Hope you are well. Noticed you “unfriended” me which is absolutely fine. Not a nice thing to do. Wish you the best Grace. We truly have nothing to share. True colors always surface.
That was a text I was shocked to receive from one of my oldest friends, Marla. We had been best friends in seventh grade – seventh grade besties do absolutely everything together. We slept at each other’s houses every weekend, wore the same clothes, ate the same food, even had our own language. Marla was the IT girls in middle school. If someone said,“everyone is coming to the party,” it meant Marla would be there. She was beautiful, smart and athletic. She seemingly had it all.
Then . . . we weren’t best friends anymore. Marla started hanging out with a different, faster crowd and by the time we graduated from high school, we lost contact.
But that connection we had in seventh grade ran deep and off and on in our adult life, our paths would cross, and we could almost speak our language again. Marla and I did not have a lot in common. We had not shared experiences since we were thirteen. Yet, I cared deeply about her. I think sometimes I cared about her in a thirteen-year-old girl way – I wanted, needed, her to like me.

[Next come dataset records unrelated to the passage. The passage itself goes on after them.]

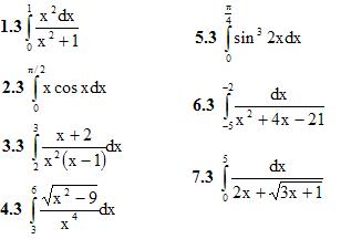 1. Вычислить определенные интегралы с точностью до двух знаков после запятой. (1-7)
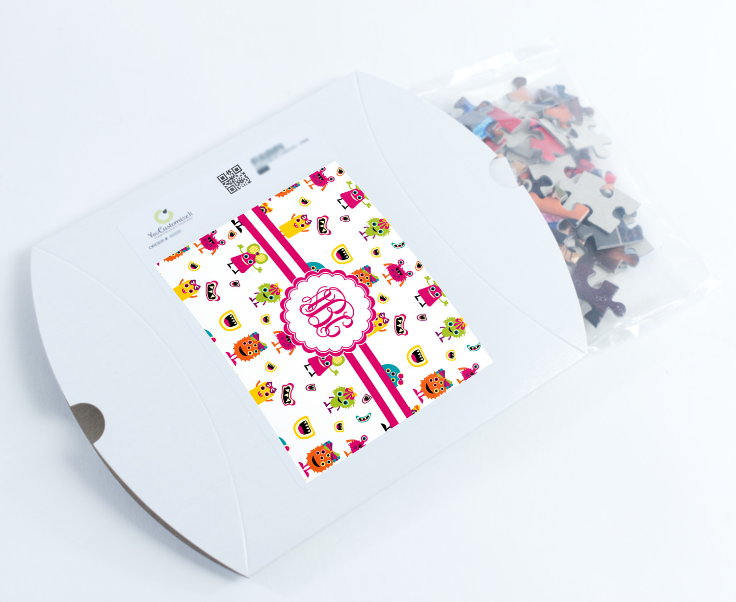 You can also upload your logo or art that you or your kids drew. To create more challenging jigsaw puzzles, you can create a pattern from with your logo or artwork. You can also add other elements such as text or personalization.
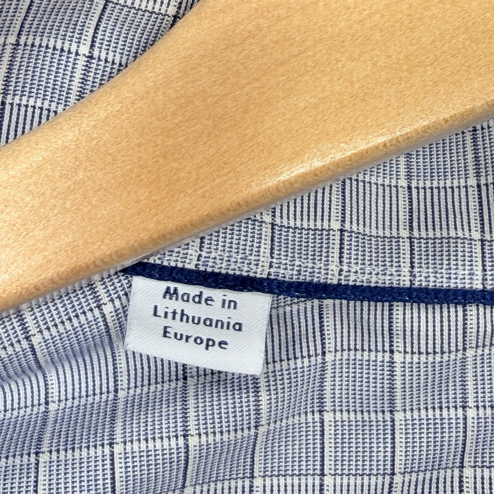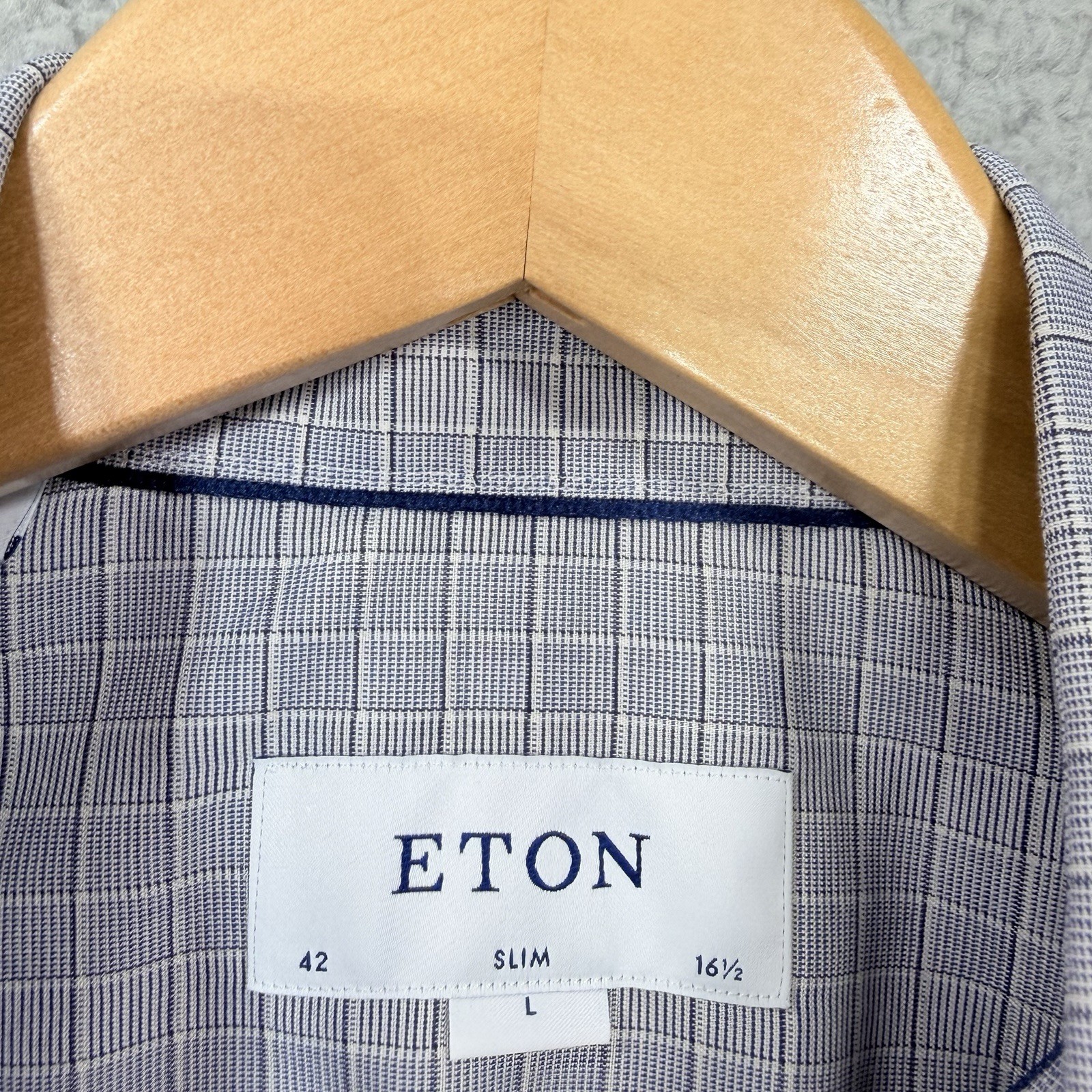 Eton Dress Shirt Mens 16.5 Slim Fit Blue Micro Check Long Sleeve Button Up

I looked at that text and my heart started beating through my chest. Marla was mad at me. She called out my true colors. At one time in our lives, no one knew my true colors better than Marla and she loved them. Now she was canceling me.
I frantically looked on Facebook. I knew I didn’t unfriend her – how the heck do you even unfriend someone?!? I was sweating a bit and trying to figure out what happened and how to fix it. I remember I had tried to block some of her posts because our politics could not be more opposite. Could I have, did I . . . unfriend her. I calmed myself down and thought this is just a silly misunderstanding. But God, Grace, why do care so much?
OMG Marla, that’s so weird. I just said to someone that I never see Marla’s posts anymore. That is why a 54-year-old is dangerous on social media. I love you and always have, always will. Can we be friends again Haha! Just like in real life, we keep becoming friends over and over.
I am very intuitive and I do take notice of who has liked my most meaningful posts. Actually, who I think would but never does. It’s very telling. I see that you like other people’s posts but not mine. I’ve given this too much time already. Always do wish you well.
Whaaat? Are you serious? People, Marla, actually look at which posts on other people’s timelines I like? You have got to be kidding me. She must have been kidding.
Come on, Marla, you’re kidding, right? You’ll accept my friend request, won’t you?
I KNOW, and strictly from my own intuition, that you are not being honest with me. I have my own theories, but really, does it matter?
At that point, I didn’t even know what she was talking about. And for the first time in our long, storied friendship, I was done. I had known for a while in my head that I did not need Marla in my life. For some reason, however, in my heart, I wanted to be her friend. But as a woman in my mid-fifties who is surrounded by wonderful girlfriends who fill my cup every day, I had come to the end of my Marla rope. I was not going to justify my Facebook activity, tell her how much I loved her or how important she was to me. I did not need Marla’s approval or love. I didn’t even want it anymore. I was strong enough to walk away with no guilt and no regret. This was clearly Marla’s issue, not mine, and I was finally ready to leave my seventh-grade girl insecurities behind. I turned off my phone and walked away from an old “friend.”